Machine learning, deep learning, deep neural nets, and artificial intelligence. What is all this stuff? And where does statistics fit in?

It’s confusing. Here’s my impression of how to structure some of the terms:

ML=Machine Learning; DL=Deep Learning; DNN=Deep Neural Nets

ML is very general, and encompasses many things, even including standard stats methods like regression (depending on who you ask). DL is a catch-all term that refers to a large class of (mostly) neural network methods without calling out any specific one. And DNN is a just any neural network that has more than one internal layer (i.e. “deep” layers). There are many sub-types of DNNs too. For example we made heavy use of Convolutional DNNs.

And artificial intelligence, or AI. That term is fuzzy and really used more for marketing. All this stuff is probably AI, or none of it is, or who knows. You should sprinkle AI into the conversation when you are trying to impress people.

Finally, where does stats fit in? That’s also debated. I don’t think of neural nets as a statistical method. But others may disagree. They certainly incorporate ideas from statistics, and if you know some stats that will probably make it easier to learn neural nets.

I’ve got this project I want to do, and it’s a really hard problem. Also there is no good way get good training data, and even if there were, there’d be no signal in it. Do you think the neural nets can solve this problem?

Nope. There is no magic.

I’ve got another problem, and it can be easily solved by regression, but I was wondering if I should use a neural net instead?

Nope. Whenever possible stick to the explainable stuff. But bonus points if you do it both ways and learn something.

I've got a NP problem (like phylogenetics), can neural nets do that?

Generally speaking neural nets are inappropriate for optimization problems. Sometimes you can recast optimization as classification and use a neural network, but this only works well if there are pretty small number of possible classes (and usually in those cases you can just do an exhaustive search).
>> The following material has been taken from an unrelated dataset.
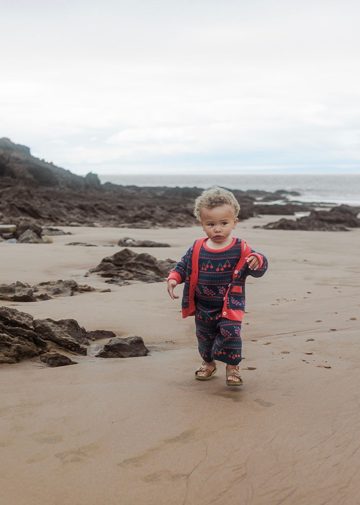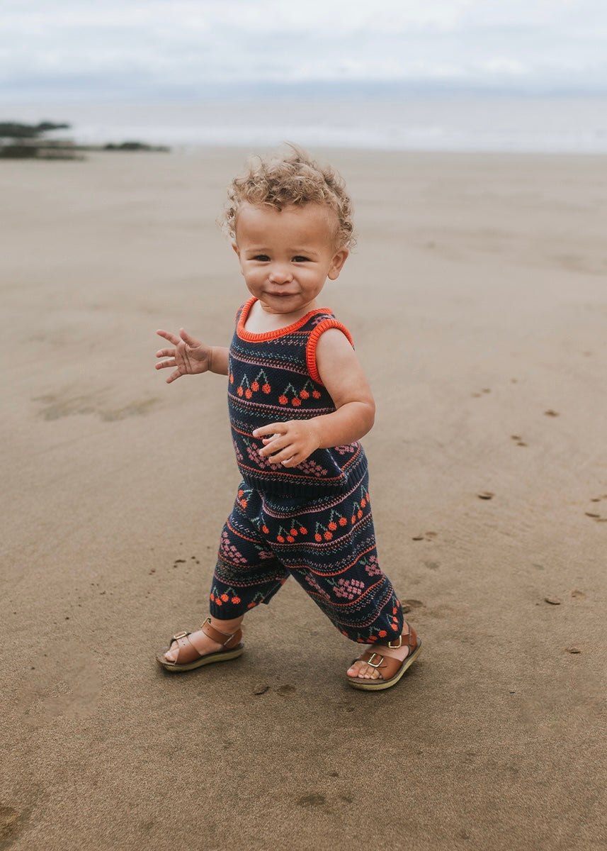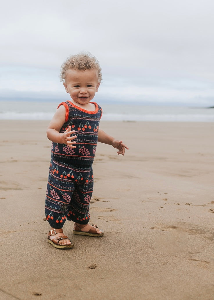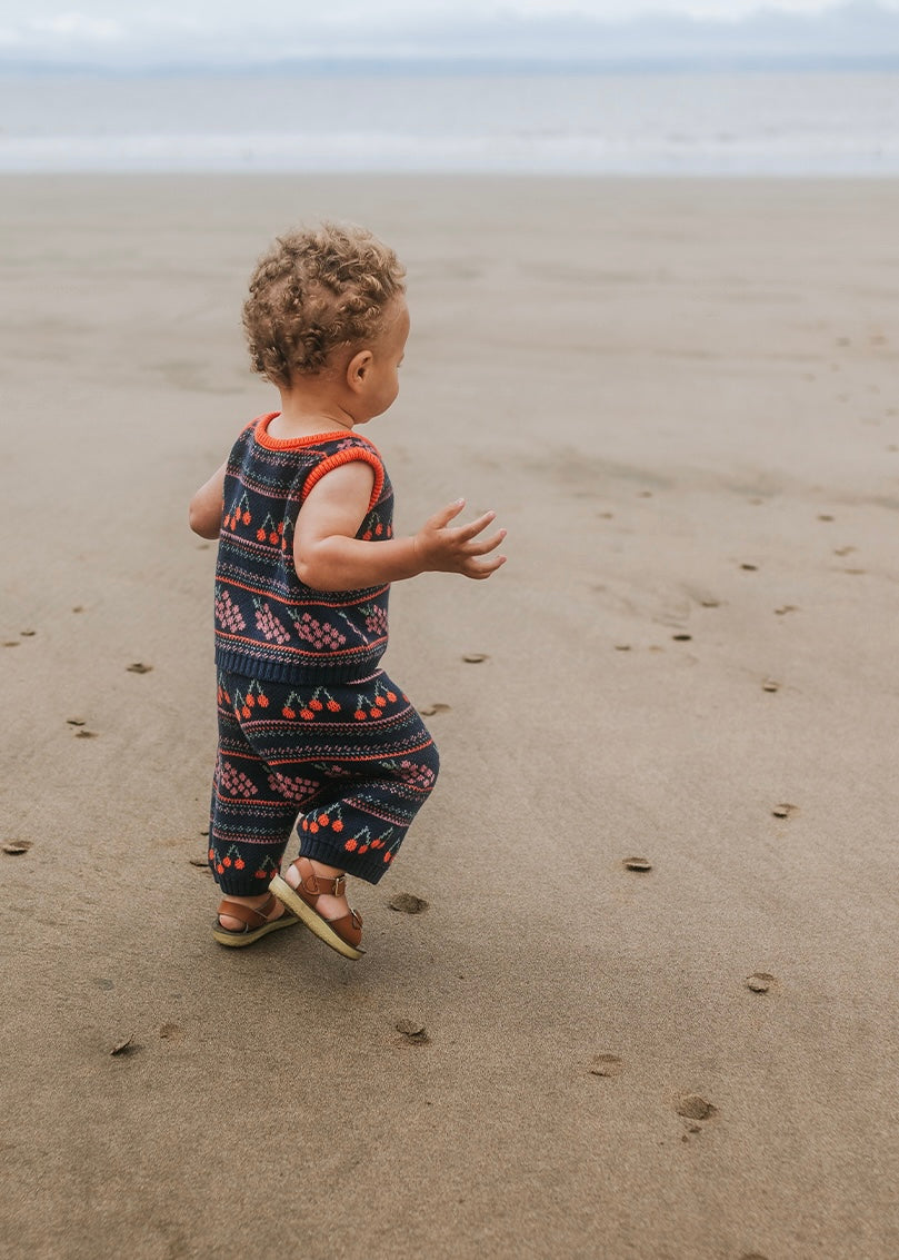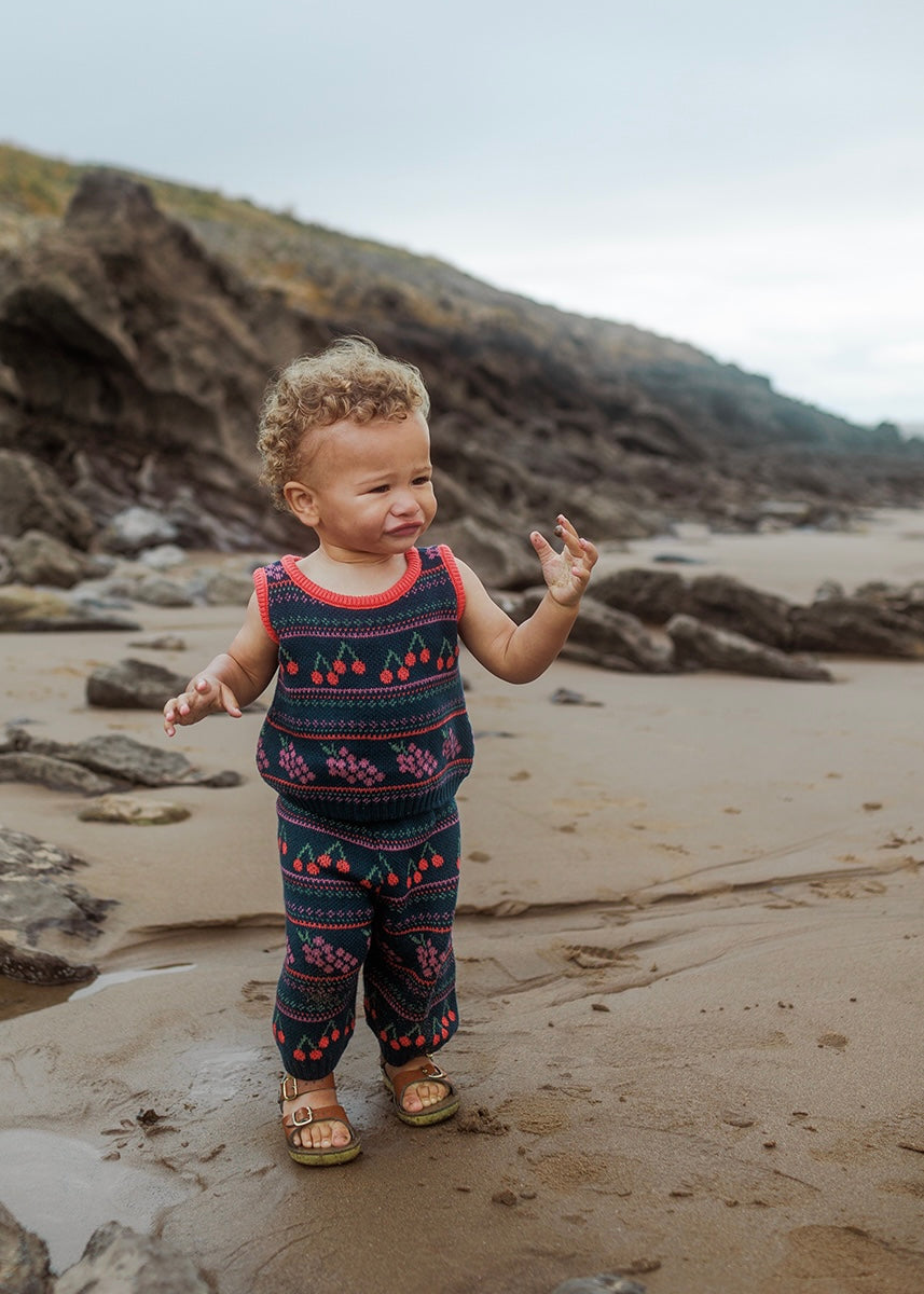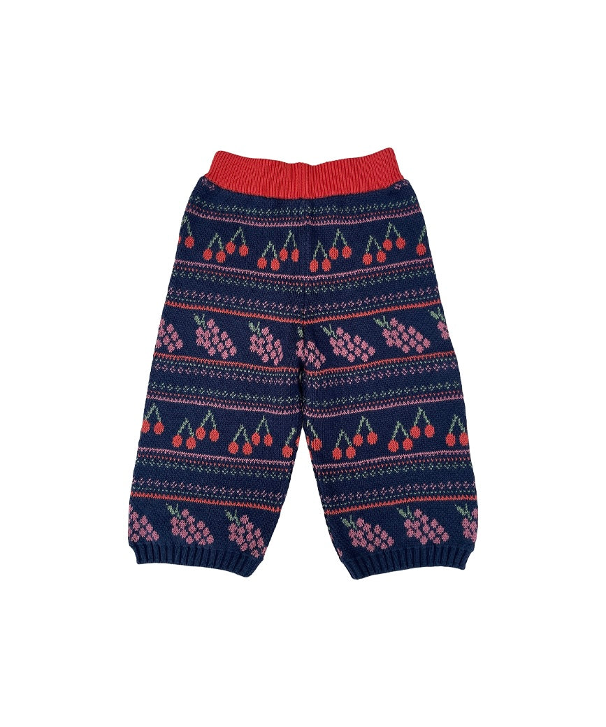 さくらんぼやぶどうのフルーツ柄が特徴のパンツ。

Do I have to be a math expert to learn neural nets?

No! Ever run a BLAST search? Do you really now what’s going on under the hood? Me either, but we can both use them to get our work done. Same thing with neural nets.
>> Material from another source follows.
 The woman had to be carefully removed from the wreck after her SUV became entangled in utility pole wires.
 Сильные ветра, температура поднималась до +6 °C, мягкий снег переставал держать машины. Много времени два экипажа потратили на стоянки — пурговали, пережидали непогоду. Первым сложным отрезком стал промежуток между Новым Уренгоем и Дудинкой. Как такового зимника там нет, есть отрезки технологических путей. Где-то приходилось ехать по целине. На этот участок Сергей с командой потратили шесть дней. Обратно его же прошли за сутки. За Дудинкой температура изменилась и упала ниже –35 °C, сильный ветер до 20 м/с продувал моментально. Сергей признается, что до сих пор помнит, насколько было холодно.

Also, the math is not so bad, and I don’t think you need to master it to be able to conceptualize what’s going on.

Right now is a magical time to learn this stuff. You can learn about deep learning from the people who pioneered it. Many of them teach online courses or have really great books. Most of their teaching is free. Don’t miss the opportunity to learn from these people. Below are just a few links.

https://goo.gl/ryQ1kD (really great visuals)

https://www.youtube.com/watch?v=vOppzHpvTiQ (love this guy)
http://neuralnetworksanddeeplearning.com/

http://www.deeplearningbook.org/

https://www.coursera.org/specializations/deep-learning

What kind of pop gen theory are these deep neural net based on?

None! Neural nets are completely naive to any relevant pop gene theory. They haven't even heard of Hardy & Weinberg.

Neural nets are just algorithms that learn to do pattern recognition by computational brute force. And they work freaking well! And on a whole bunch of different problems. Kinda neat huh! Learn one technique and solve many problems.

The good news is that when we point the neural nets at data they aren’t limited by our current state-of-the-art in pop gen theory. They just learn patterns and invent their own theory (so to speak) for solving the problem at hand. So they may be doing things that we never imagined! And I said there was good news, so that probably means there is bad news too. Namely the innards of a neural net are nearly impossible to interpret. So they are really good for detection (i.e. this is a selective sweep and that’s not), but they are really bad for explanation (i.e. I know this is a sweep because of X).

Oh, I see, so you jerks are putting theorists out of business!

Ah, you got us!

Actually, no. See above. Neural nets are great for detection, but terrible for explanation. What they learn unfortunately a big black box to us.

We imagine that a hybrid approach might be the best way to use deep neural nets in pop gen. For example, first test a neural net and other methods on simulated data and figure out what works best for your question (and that might be some ensemble of several methods). If it’s the neural net looks good, you should use it. It seems silly to do otherwise. Then to tell your story use traditional pop gen techniques to try to explain what the neural net found. Some things might not make sense. Like the net found a selected site, but no other method detects it. On the one hand that presents a challenge, but on the other it’s probably worth investigating because it could be something we’ve been missing and could lead to new theory.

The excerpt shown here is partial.